• **Collected data entries**
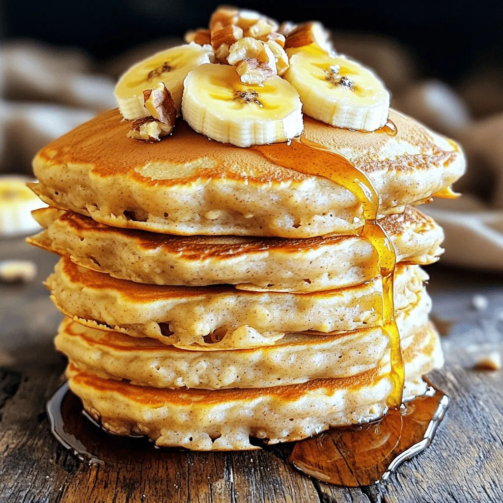 - 2 ripe bananas - 1 cup rolled oats - 1 cup milk (dairy or non-dairy) - 2 large eggs - 2 tablespoons honey or maple syrup - 1 teaspoon vanilla extract - 1 teaspoon baking powder - 1/2 teaspoon cinnamon - Pinch of salt - Coconut oil or butter for cooking Using ripe bananas is key. They add natural sweetness and flavor. Look for bananas with brown spots. They are perfect for this recipe. Rolled oats blend well and give a nice texture. You can pick regular or gluten-free oats. The milk can be any kind you enjoy. Almond, oat, or cow's milk all work great. Honey or maple syrup adds a hint of sweetness. You can adjust the amount based on your taste. Vanilla extract gives a nice aroma. Baking powder makes the pancakes fluffy. Cinnamon adds warmth and depth. A pinch of salt balances the sweetness in the pancakes. If you do not have ripe bananas, you can use applesauce. It still keeps the pancakes moist. For oats, quick oats can work, but they will change the texture. If you are vegan, replace eggs with flax eggs. Just mix 1 tablespoon of flaxseed meal with 3 tablespoons of water. Let it sit for 5 minutes to thicken. You can swap honey for agave syrup if you prefer. If you want to avoid dairy, use almond milk or coconut milk. For toppings, fresh fruits, nuts, or yogurt are great choices. Feel free to get creative! To start, gather all your ingredients. You need two ripe bananas, one cup of rolled oats, one cup of milk, two large eggs, two tablespoons of honey or maple syrup, one teaspoon of vanilla extract, one teaspoon of baking powder, half a teaspoon of cinnamon, and a pinch of salt. In a blender, add the bananas, oats, milk, eggs, honey or maple syrup, vanilla extract, baking powder, cinnamon, and salt. Blend the mixture until it is smooth and creamy. This step is crucial. A well-blended batter gives you light and fluffy pancakes. Let the batter rest for about five minutes. This helps it thicken slightly, making pancakes fluffier. Now it's time to cook. Heat a non-stick skillet or griddle over medium heat. Add a small amount of coconut oil or butter to grease the surface. This step prevents sticking and adds flavor. Pour about 1/4 cup of the batter onto the skillet for each pancake. Cook for two to three minutes. Watch for bubbles to form on the surface; this shows they are ready to flip. Carefully flip the pancakes with a spatula. Cook for an additional two to three minutes on the other side until they are golden brown. Repeat this process with the remaining batter, adding more oil or butter as needed. Serve the pancakes warm. You can top them with fresh fruits like berries or banana slices. Nuts add a nice crunch too. For extra sweetness, drizzle honey or maple syrup on top. Enjoy your delicious banana oatmeal pancakes! To get the best pancakes, blend your batter until smooth. This helps mix all the ingredients well. After blending, let the batter rest for about five minutes. This step helps thicken the batter. If it seems too thick, add a splash of milk. When cooking, keep the heat at medium. Too high of heat can burn the pancakes. Look for bubbles on the top. This means it’s time to flip. Cook until golden brown for a soft texture. One common mistake is not measuring ingredients correctly. Use a measuring cup for oats and liquids. Another mistake is cooking on high heat. This can burn the outside while leaving the inside raw. Don’t skip resting the batter. This step is key for fluffy pancakes. Lastly, avoid overcrowding the pan. Cook one or two pancakes at a time for even cooking. You can top these pancakes with many delicious options! Fresh fruits like berries or sliced bananas add sweetness. Nuts give a nice crunch. Drizzle honey or maple syrup for extra flavor. You can also add a sprinkle of cinnamon on top. For a twist, try a dollop of yogurt or nut butter. These toppings make your pancakes even more tasty! Enjoy experimenting with different combinations. {{image_2}} You can easily make these pancakes gluten-free. Just use certified gluten-free oats. Blend the oats into a fine flour before mixing. This way, the pancakes will still be fluffy and tasty. Want to mix things up? Add chocolate chips or nuts to the batter. Chocolate chips give a sweet touch, while nuts add crunch. You can also try berries or dried fruits for extra flavor. Each option makes the pancakes even more fun to eat. You can make these pancakes vegan with a few swaps. Replace the eggs with flaxseed meal or chia seeds. Use non-dairy milk, like almond or oat milk. Maple syrup can replace honey. These changes keep the pancakes delicious while fitting a vegan diet. To keep your leftover pancakes fresh, stack them in an airtight container. You can place parchment paper between each pancake to prevent sticking. Store them in the fridge if you plan to eat them within a few days. They will stay good for about 3-5 days. When it’s time to enjoy your pancakes again, you have options. You can use a microwave, skillet, or toaster. For the microwave, heat them for about 30 seconds to 1 minute. If you prefer a crispy edge, reheat in a skillet over medium heat for 2-3 minutes on each side. A toaster works well too; just pop them in until warm. Freezing pancakes is a great way to save time. To freeze, let the pancakes cool completely. Then, stack them with parchment paper in between and place them in a freezer-safe bag. They can last up to 2 months in the freezer. When you're ready, just reheat them as mentioned above. This makes breakfast quick and easy! Yes, you can use quick oats. They blend faster and can create a softer pancake. However, rolled oats give a chewier texture. Both work well, so choose what you have! To make these pancakes dairy-free, switch the milk for a non-dairy option. Almond, soy, or oat milk works great. Just make sure to check the labels for added sugars. This keeps the pancakes light and fluffy without dairy. Many toppings go well with these pancakes. Fresh fruits like berries or sliced bananas add sw
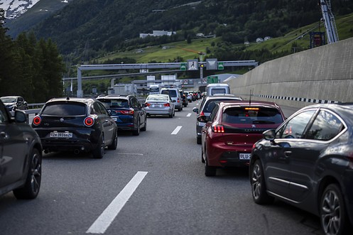 Bouchon de 10 km devant le portail sud du tunnel du Gothard
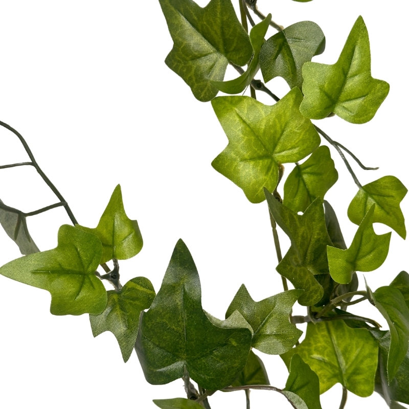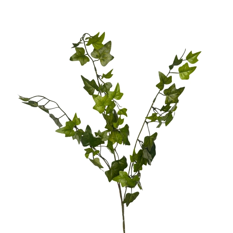Hoja Mini Ivy 55cm. Su uso es variado pero siempre de interior ya que no cuenta con filtro UV. Puedes utilizarlo en arreglos florales, jardineras, jardines verticales o donde quieras! Fabricado en firme plástico tinturado el cual hace de este producto una vegetación de aspecto natural sin preocupaciones, no necesita luz ni agua. Te recomendamos complementar con flores artificiales, palmetas de pasto, otros follajes y/o macetas.
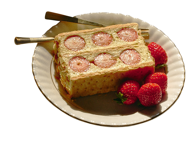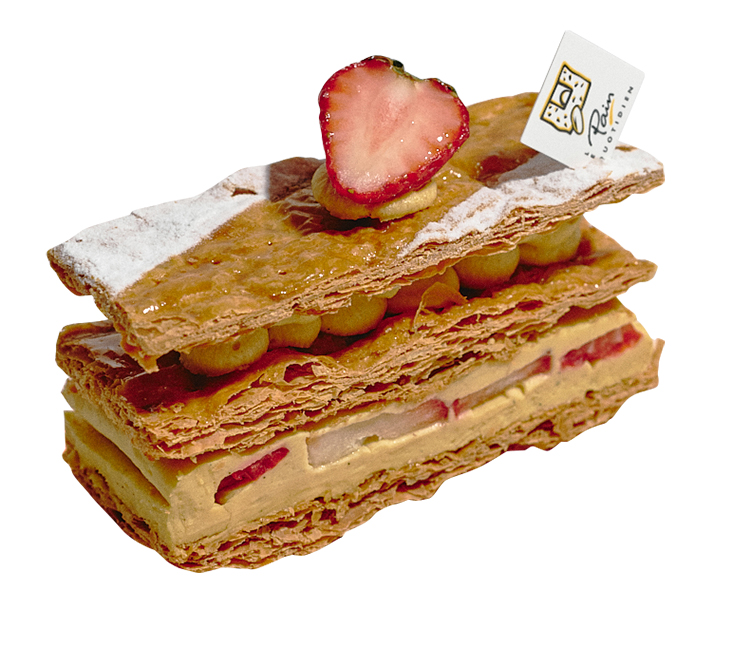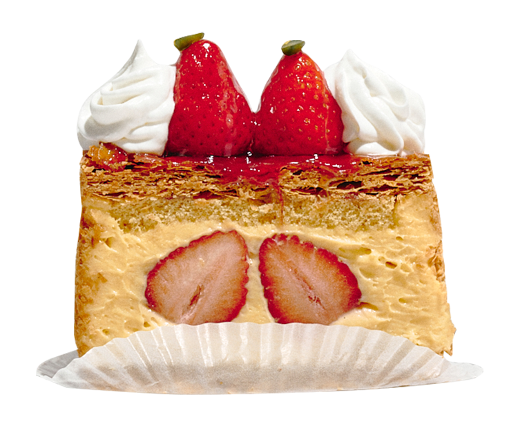 ザクザク幸せな食感に頬ゆるむパイの存在感。層ごとに異なるカスタード&イチゴとのマリアージュ。あともう少し食べたい!と思わせる軽やかさがまたいい。
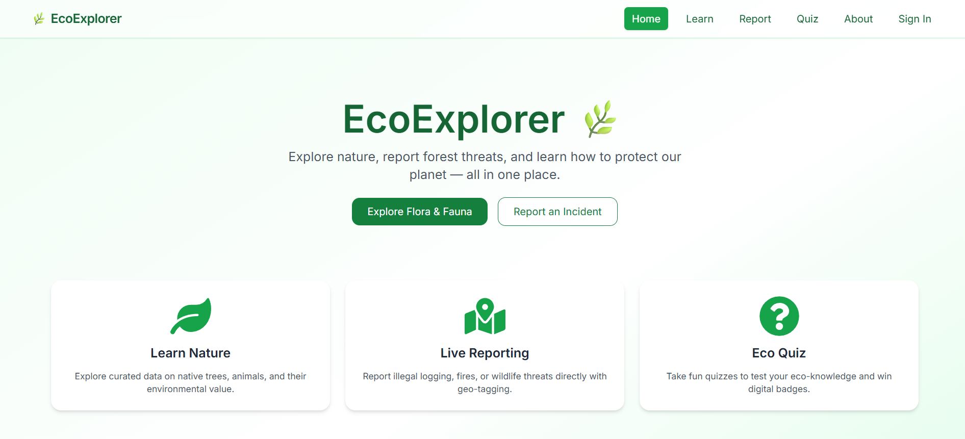 EcoExplorer is a modern environmental awareness platform that allows users to explore flora and fauna, report illegal activities, and engage in interactive learning through quizzes and real-time data.
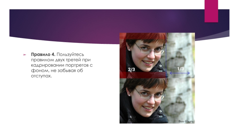 Слайд 43Правило 4. Пользуйтесь правилом двух третей при кадрировании портретов с фоном,
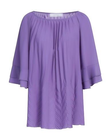 top, crepe, solid color, pleated, crewneck, 3/4 length sleeves, machine wash or dry clean, do not bleach, tumble dry
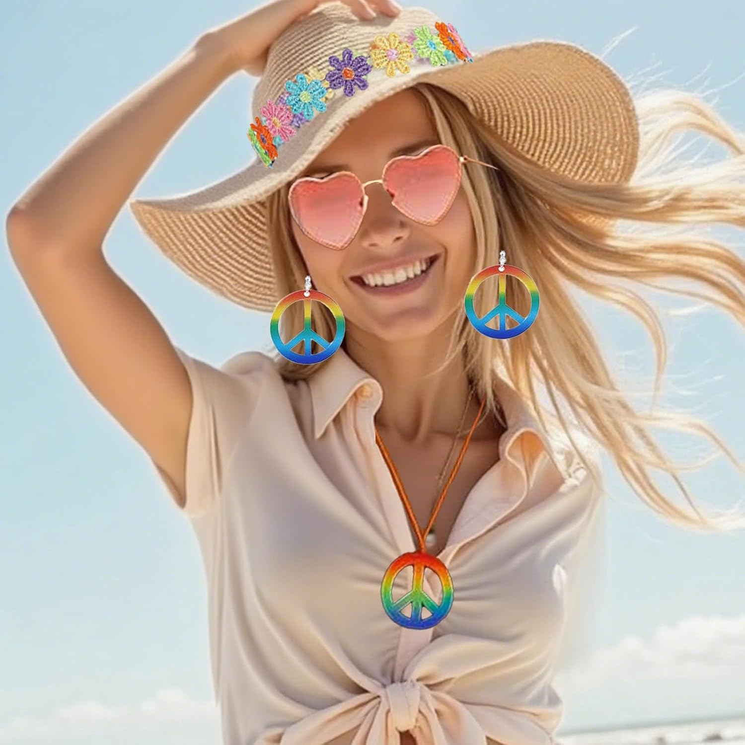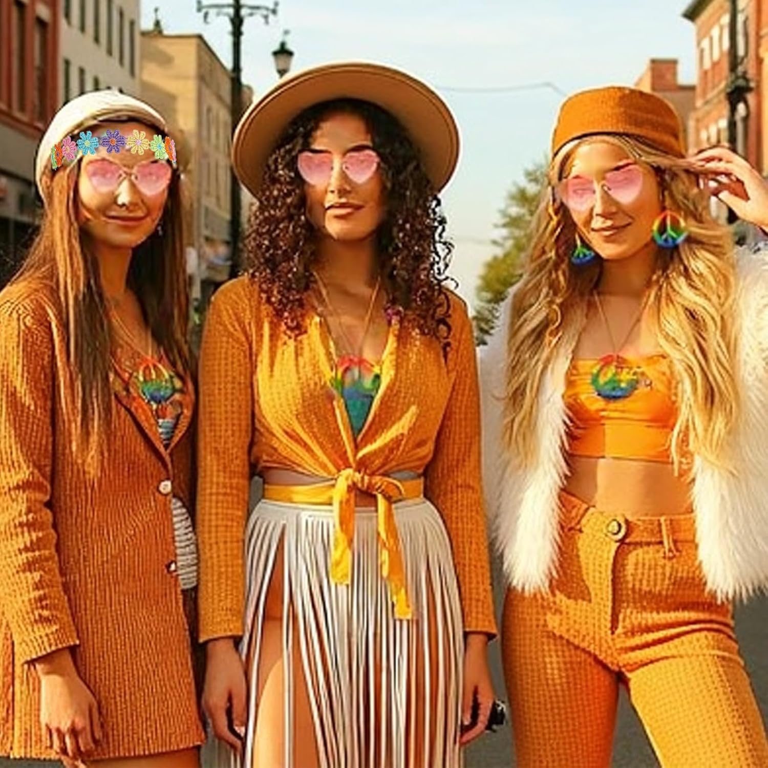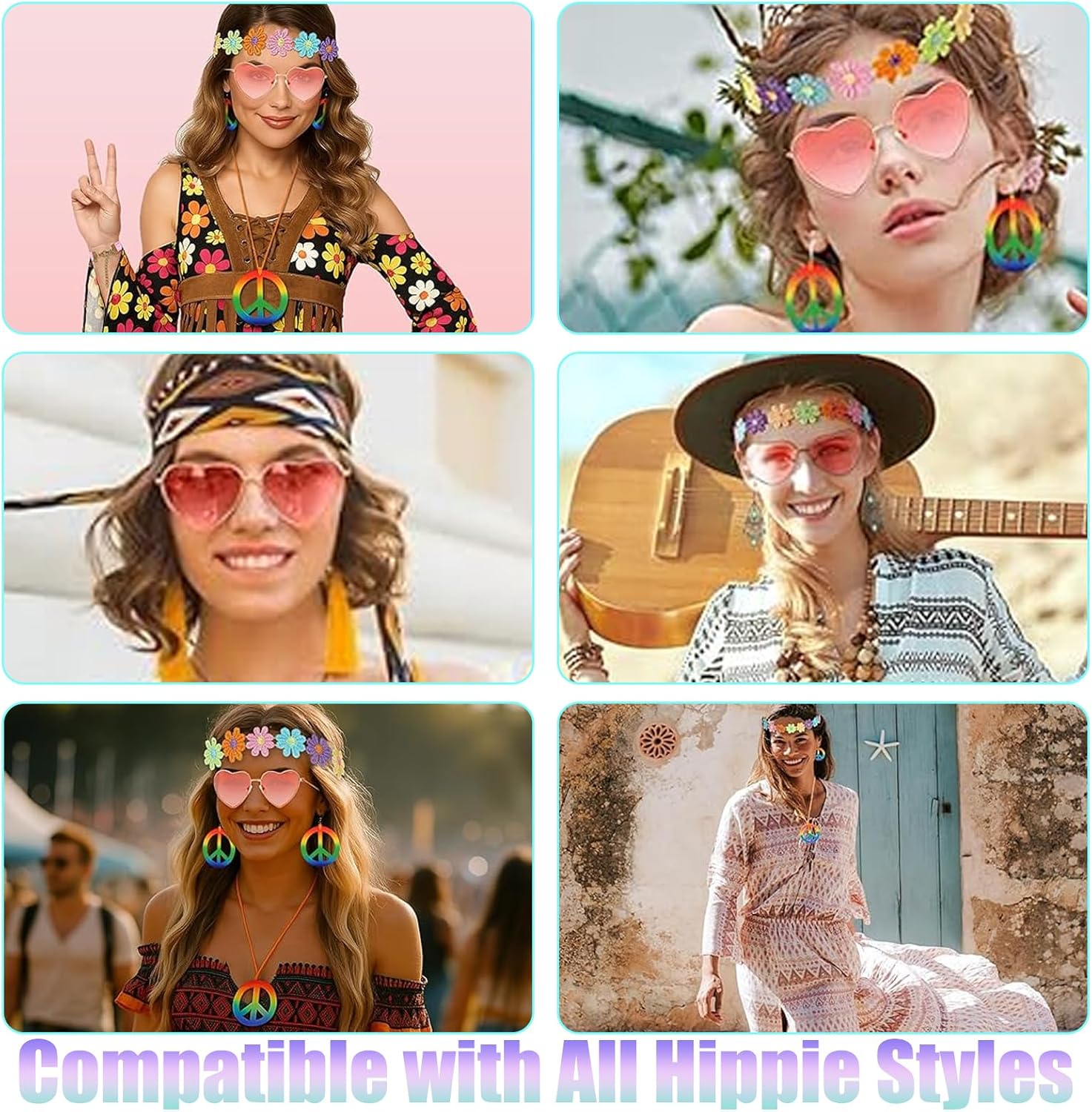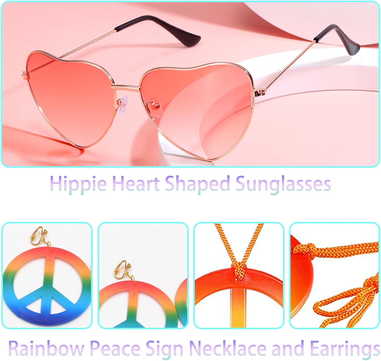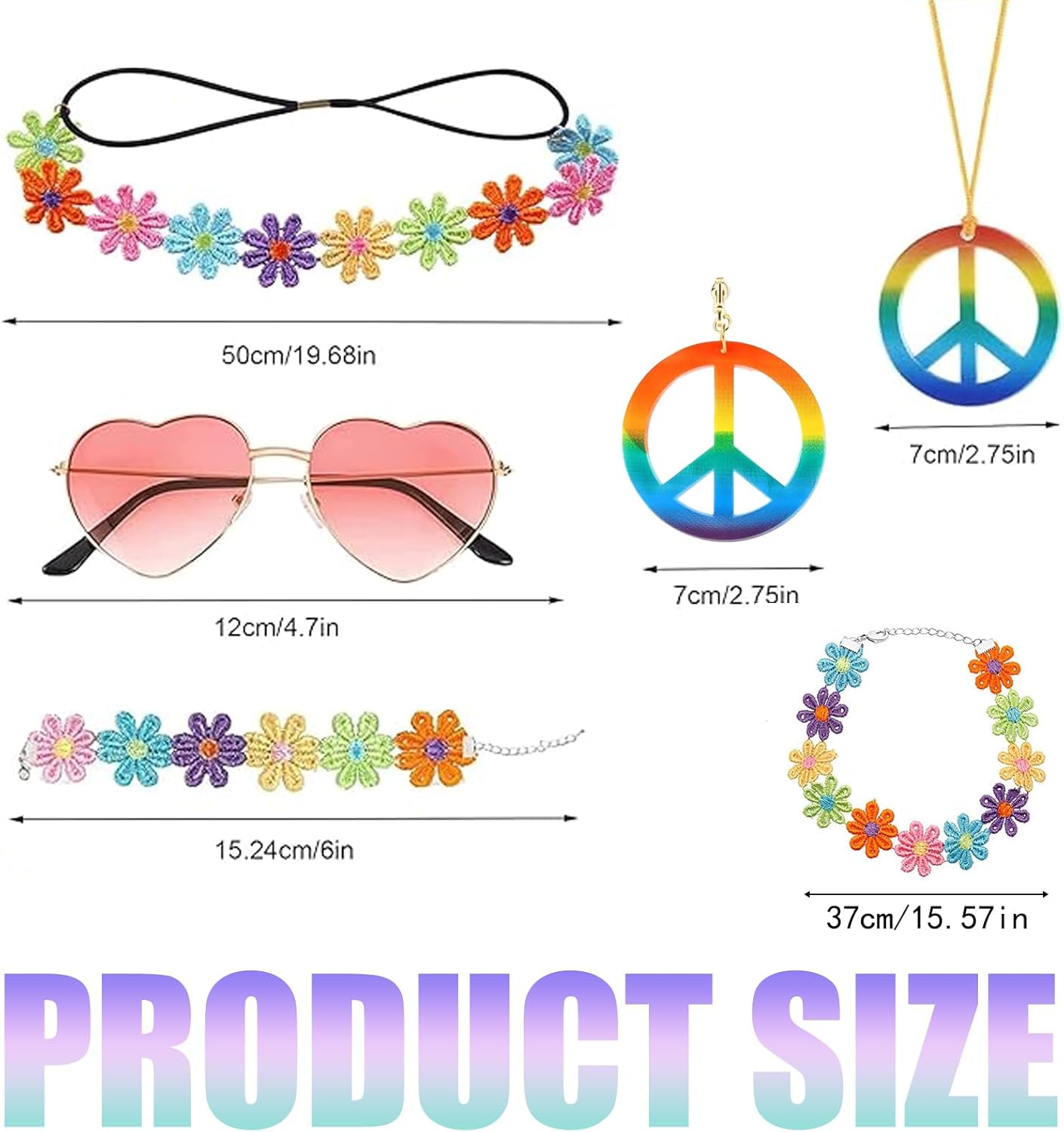 Descrizione prodotto Materiale: poliestere. Dimensioni: 50 x 2,5 x 2,5 cm. Peso: 67 g/set. Contenuto della confezione: 1 fascia per capelli a margherita, 2 braccialetti a margherita, 1 collana a margherita, 1 collana con segno della pace arcobaleno, 1 paio di orecchini e 1 paio di occhiali da sole a forma di cuore Occasioni d'uso: perfetto per festival hippie, Halloween, feste a tema o abbigliamento boho quotidiano. Servizio clienti: Se avete qualche problema con il nostro accessorio hippie costume o non siete soddisfatto del nostro prodotto, non esitate a contattarci e risolveremo attivamente il vostro problema il prima possibile. Grazie per il vostro sostegno e vi auguriamo un felice acquisto. Avviso di sicurezza NO

• **Directions**
Render all entries verbatim, excluding any pictures they hold.

• **Written reply**
 - 2 ripe bananas - 1 cup rolled oats - 1 cup milk (dairy or non-dairy) - 2 large eggs - 2 tablespoons honey or maple syrup - 1 teaspoon vanilla extract - 1 teaspoon baking powder - 1/2 teaspoon cinnamon - Pinch of salt - Coconut oil or butter for cooking Using ripe bananas is key. They add natural sweetness and flavor. Look for bananas with brown spots. They are perfect for this recipe. Rolled oats blend well and give a nice texture. You can pick regular or gluten-free oats. The milk can be any kind you enjoy. Almond, oat, or cow's milk all work great. Honey or maple syrup adds a hint of sweetness. You can adjust the amount based on your taste. Vanilla extract gives a nice aroma. Baking powder makes the pancakes fluffy. Cinnamon adds warmth and depth. A pinch of salt balances the sweetness in the pancakes. If you do not have ripe bananas, you can use applesauce. It still keeps the pancakes moist. For oats, quick oats can work, but they will change the texture. If you are vegan, replace eggs with flax eggs. Just mix 1 tablespoon of flaxseed meal with 3 tablespoons of water. Let it sit for 5 minutes to thicken. You can swap honey for agave syrup if you prefer. If you want to avoid dairy, use almond milk or coconut milk. For toppings, fresh fruits, nuts, or yogurt are great choices. Feel free to get creative! To start, gather all your ingredients. You need two ripe bananas, one cup of rolled oats, one cup of milk, two large eggs, two tablespoons of honey or maple syrup, one teaspoon of vanilla extract, one teaspoon of baking powder, half a teaspoon of cinnamon, and a pinch of salt. In a blender, add the bananas, oats, milk, eggs, honey or maple syrup, vanilla extract, baking powder, cinnamon, and salt. Blend the mixture until it is smooth and creamy. This step is crucial. A well-blended batter gives you light and fluffy pancakes. Let the batter rest for about five minutes. This helps it thicken slightly, making pancakes fluffier. Now it's time to cook. Heat a non-stick skillet or griddle over medium heat. Add a small amount of coconut oil or butter to grease the surface. This step prevents sticking and adds flavor. Pour about 1/4 cup of the batter onto the skillet for each pancake. Cook for two to three minutes. Watch for bubbles to form on the surface; this shows they are ready to flip. Carefully flip the pancakes with a spatula. Cook for an additional two to three minutes on the other side until they are golden brown. Repeat this process with the remaining batter, adding more oil or butter as needed. Serve the pancakes warm. You can top them with fresh fruits like berries or banana slices. Nuts add a nice crunch too. For extra sweetness, drizzle honey or maple syrup on top. Enjoy your delicious banana oatmeal pancakes! To get the best pancakes, blend your batter until smooth. This helps mix all the ingredients well. After blending, let the batter rest for about five minutes. This step helps thicken the batter. If it seems too thick, add a splash of milk. When cooking, keep the heat at medium. Too high of heat can burn the pancakes. Look for bubbles on the top. This means it’s time to flip. Cook until golden brown for a soft texture. One common mistake is not measuring ingredients correctly. Use a measuring cup for oats and liquids. Another mistake is cooking on high heat. This can burn the outside while leaving the inside raw. Don’t skip resting the batter. This step is key for fluffy pancakes. Lastly, avoid overcrowding the pan. Cook one or two pancakes at a time for even cooking. You can top these pancakes with many delicious options! Fresh fruits like berries or sliced bananas add sweetness. Nuts give a nice crunch. Drizzle honey or maple syrup for extra flavor. You can also add a sprinkle of cinnamon on top. For a twist, try a dollop of yogurt or nut butter. These toppings make your pancakes even more tasty! Enjoy experimenting with different combinations. {{image_2}} You can easily make these pancakes gluten-free. Just use certified gluten-free oats. Blend the oats into a fine flour before mixing. This way, the pancakes will still be fluffy and tasty. Want to mix things up? Add chocolate chips or nuts to the batter. Chocolate chips give a sweet touch, while nuts add crunch. You can also try berries or dried fruits for extra flavor. Each option makes the pancakes even more fun to eat. You can make these pancakes vegan with a few swaps. Replace the eggs with flaxseed meal or chia seeds. Use non-dairy milk, like almond or oat milk. Maple syrup can replace honey. These changes keep the pancakes delicious while fitting a vegan diet. To keep your leftover pancakes fresh, stack them in an airtight container. You can place parchment paper between each pancake to prevent sticking. Store them in the fridge if you plan to eat them within a few days. They will stay good for about 3-5 days. When it’s time to enjoy your pancakes again, you have options. You can use a microwave, skillet, or toaster. For the microwave, heat them for about 30 seconds to 1 minute. If you prefer a crispy edge, reheat in a skillet over medium heat for 2-3 minutes on each side. A toaster works well too; just pop them in until warm. Freezing pancakes is a great way to save time. To freeze, let the pancakes cool completely. Then, stack them with parchment paper in between and place them in a freezer-safe bag. They can last up to 2 months in the freezer. When you're ready, just reheat them as mentioned above. This makes breakfast quick and easy! Yes, you can use quick oats. They blend faster and can create a softer pancake. However, rolled oats give a chewier texture. Both work well, so choose what you have! To make these pancakes dairy-free, switch the milk for a non-dairy option. Almond, soy, or oat milk works great. Just make sure to check the labels for added sugars. This keeps the pancakes light and fluffy without dairy. Many toppings go well with these pancakes. Fresh fruits like berries or sliced bananas add sw
 Bouchon de 10 km devant le portail sud du tunnel du Gothard
Hoja Mini Ivy 55cm. Su uso es variado pero siempre de interior ya que no cuenta con filtro UV. Puedes utilizarlo en arreglos florales, jardineras, jardines verticales o donde quieras! Fabricado en firme plástico tinturado el cual hace de este producto una vegetación de aspecto natural sin preocupaciones, no necesita luz ni agua. Te recomendamos complementar con flores artificiales, palmetas de pasto, otros follajes y/o macetas.
 ザクザク幸せな食感に頬ゆるむパイの存在感。層ごとに異なるカスタード&イチゴとのマリアージュ。あともう少し食べたい!と思わせる軽やかさがまたいい。
 EcoExplorer is a modern environmental awareness platform that allows users to explore flora and fauna, report illegal activities, and engage in interactive learning through quizzes and real-time data.
 Слайд 43Правило 4. Пользуйтесь правилом двух третей при кадрировании портретов с фоном,
 top, crepe, solid color, pleated, crewneck, 3/4 length sleeves, machine wash or dry clean, do not bleach, tumble dry
 Descrizione prodotto Materiale: poliestere. Dimensioni: 50 x 2,5 x 2,5 cm. Peso: 67 g/set. Contenuto della confezione: 1 fascia per capelli a margherita, 2 braccialetti a margherita, 1 collana a margherita, 1 collana con segno della pace arcobaleno, 1 paio di orecchini e 1 paio di occhiali da sole a forma di cuore Occasioni d'uso: perfetto per festival hippie, Halloween, feste a tema o abbigliamento boho quotidiano. Servizio clienti: Se avete qualche problema con il nostro accessorio hippie costume o non siete soddisfatto del nostro prodotto, non esitate a contattarci e risolveremo attivamente il vostro problema il prima possibile. Grazie per il vostro sostegno e vi auguriamo un felice acquisto. Avviso di sicurezza NO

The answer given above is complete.